Epidemiological and clinical studies have also acknowledged the association of decreased HDL cholesterol concentration and an elevated likelihood of CVD (Assmann and Gotto 2004; Yokozawa et al. 2006; Adaramoye et al. 2008). The cardioprotective role of HDL has been attributed to its role in reverse cholesterol transport, its effects on endothelial cells, and its antioxidant activity (Nofer et al. 2002; Assmann and Gotto 2004). Our findings are correlated with previous studies in which it was found that hyperlipidemic animals when treated with methanol extract of Vernonia amygdalina Del. (Asteraceae) leaves showed significantly elevated plasma HDL cholesterols when compared with the diseased group (Adaramoye et al. 2008).

Several studies have reported a long-standing association of triglyceride and cholesterol levels in the prediction of CHD (Sarwar et al. 2007; Harchaoui et al. 2009). In an elegant post hoc analysis of the Helsinki Heart Study, it was established that cholesterol levels couldn’t be the sound predictor of CHD when elevated triglyceride levels are not present. Similar relations were also reported for individuals in the Prospective Cardiovascular Munster (PROCAM) study. These descriptions have been broadly quoted as proof that triglyceride measurement plays a vital role in the clinical assessment of CHD risk (Avins and Neuhaus 2000). These findings are similar to the studies done before in which it was found that oral administration of total flavonoids of Perilla frutescens Britton (Labiatae) leaves to hyperlipidemic rats was highly useful in decreasing the levels of serum total cholesterol and triacylglycerols. Another study also indicates that the ethanol extract of Iris germanica Linnaeus (Iridaceae) significantly reduced the lipid components which include cholesterol and triglycerides (Choudhary et al. 2005).

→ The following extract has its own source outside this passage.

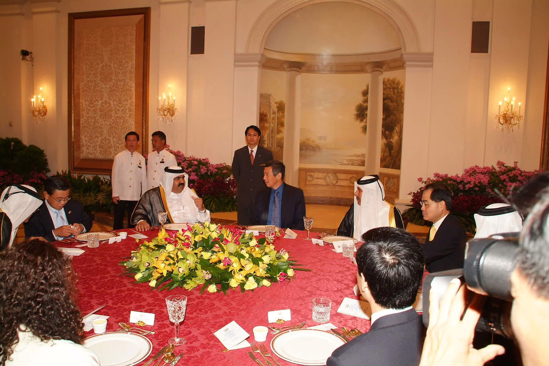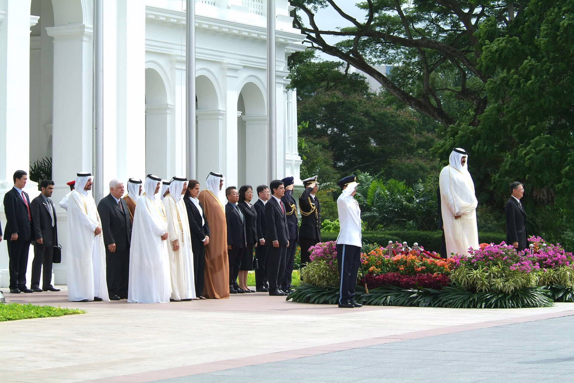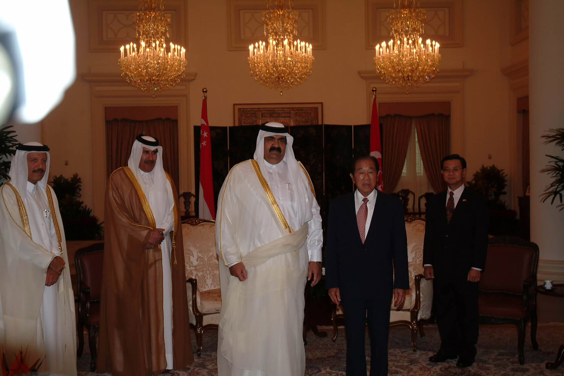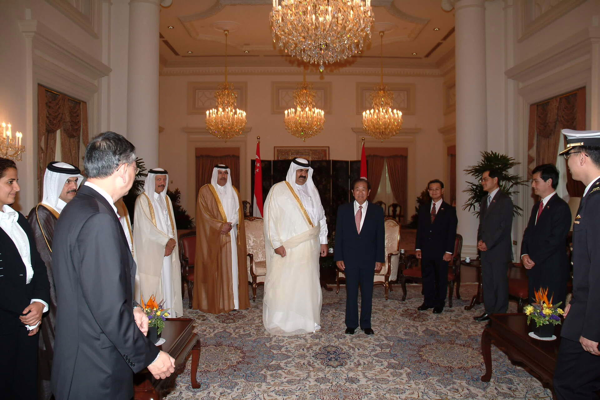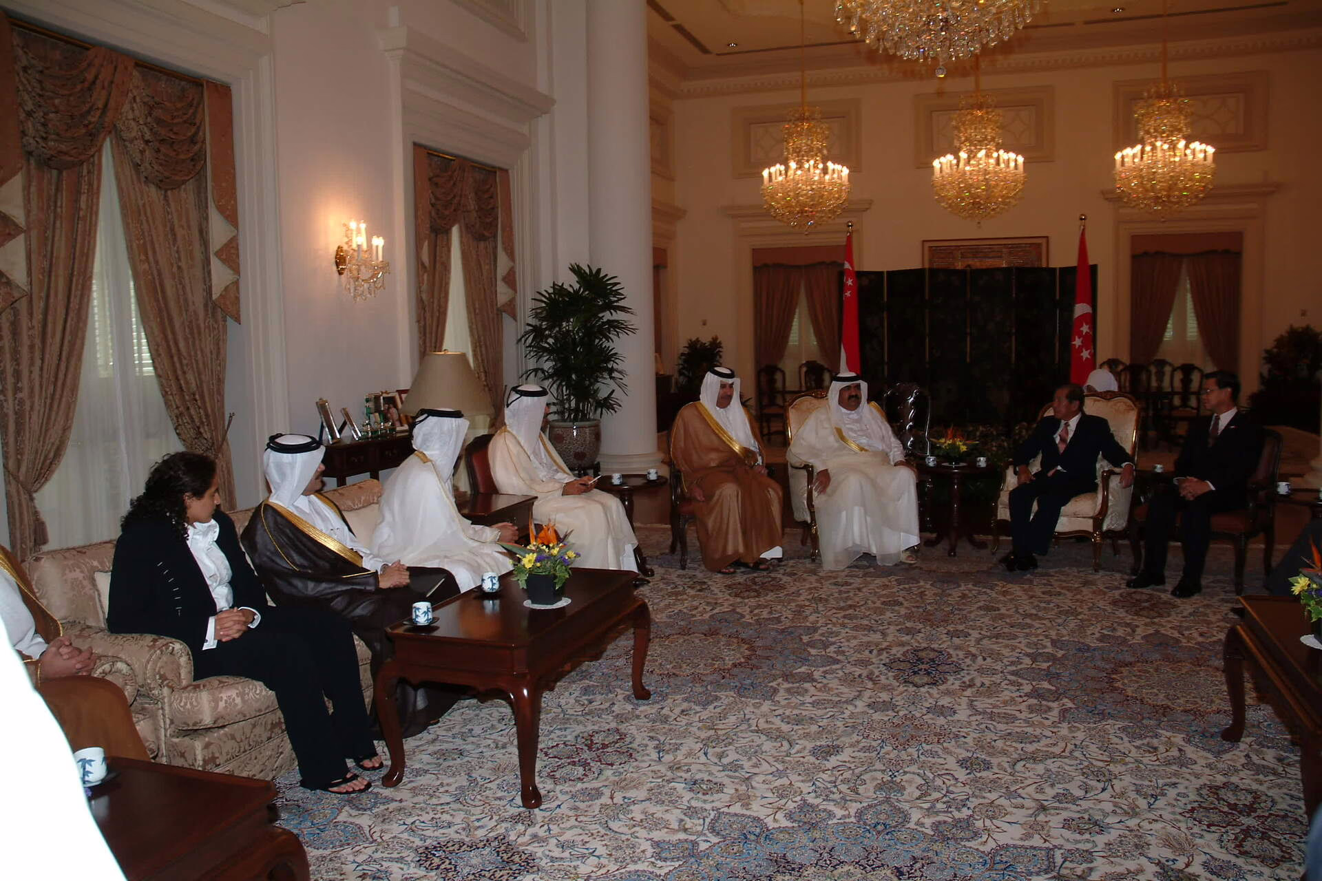 سمو الأمير الشيخ حمد بن خليفة آل ثاني يصل إلى سنغافورة بتاريخ 10 يونيو 2005 في زيارة رسمية، يرافقه معالي النائب الأول لرئيس مجلس الوزراء وزير الخارجية الشيخ حمد بن جاسم بن جبر آل ثاني، والشيخة المياسة بنت حمد بن خليفة آل ثاني، وعدد من كبار المسؤولين. وكان في استقبال سموه السيد لي هسين لونغ رئيس وزراء جمهورية سنغافورة، والسيد سيركي بون الرئيس السنغافوري بالإنابة، كما حضر الاستقبال سعادة يوسف خليفة السادة سفير دولة قطر لدى سنغافورة.
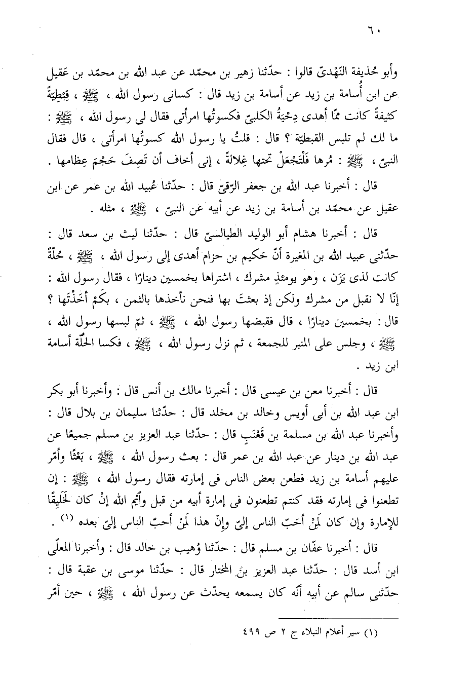 قال: أخبرنا عفّان بن مسلم قال: حدّثنا وُهيب بن خالد قال: وأخبرنا المعلّى ابن أسد قال: حدّثنا عبد العزيز بن المختار قال: حدّثنا موسى بن عقبة قال: حدّثنى سالم عن أبيه أنّه كان يسمعه يحدّث عن رسول الله، -صلى الله عليه وسلم-، حين أمّر

Squalene synthase enzyme catalyses the first committed step in the de novo cholesterol biosynthesis. Squalene synthase inhibitors reduce LDL cholesterol in circulation by upregulating the expression of hepatic LDL receptors in a way similar to statins (Tavridou et al. 2008). HMG Co-A reductase, a transmembrane protein, is of primary importance in the biosynthesis of lipids and is documented as the enzyme involved in the rate-limiting step in cholesterol biosynthesis, indicating the chief target for the cholesterol-lowering agents, i.e., statins (Istvan and Deisenhofer 2001; Kim et al. 2016). Simvastatin is the competitive inhibitor of HMG-CoA reductase (Xu et al., 2014). Our results showed the downregulation of mRNA expression levels of HMG-CoA reductase when treated with methanol leaves extract of A. lakoocha. These findings are in parallel to a previous study in which mRNA expression of HMG-CoA reductase was decreased when treated with a combination of four herbs (HVC1) and simvastatin (Kim et al. 2016).

Conclusions

The outcome of our study shows that A. lakoocha leaves methanol extract at the dose of 250 mg/kg body weight, significantly decreased the total cholesterol, LDL, and triglycerides levels while significantly raising HDL levels in the hyperlipidemic rat model along with downregulation of mRNA expression levels of HMG-CoA reductase and squalene synthase. Further studies should be conducted to find out the most effective active ingredient of A. lakoocha leaves extract and the exact mechanism due to which it exerts its effect on cholesterol synthesis pathway.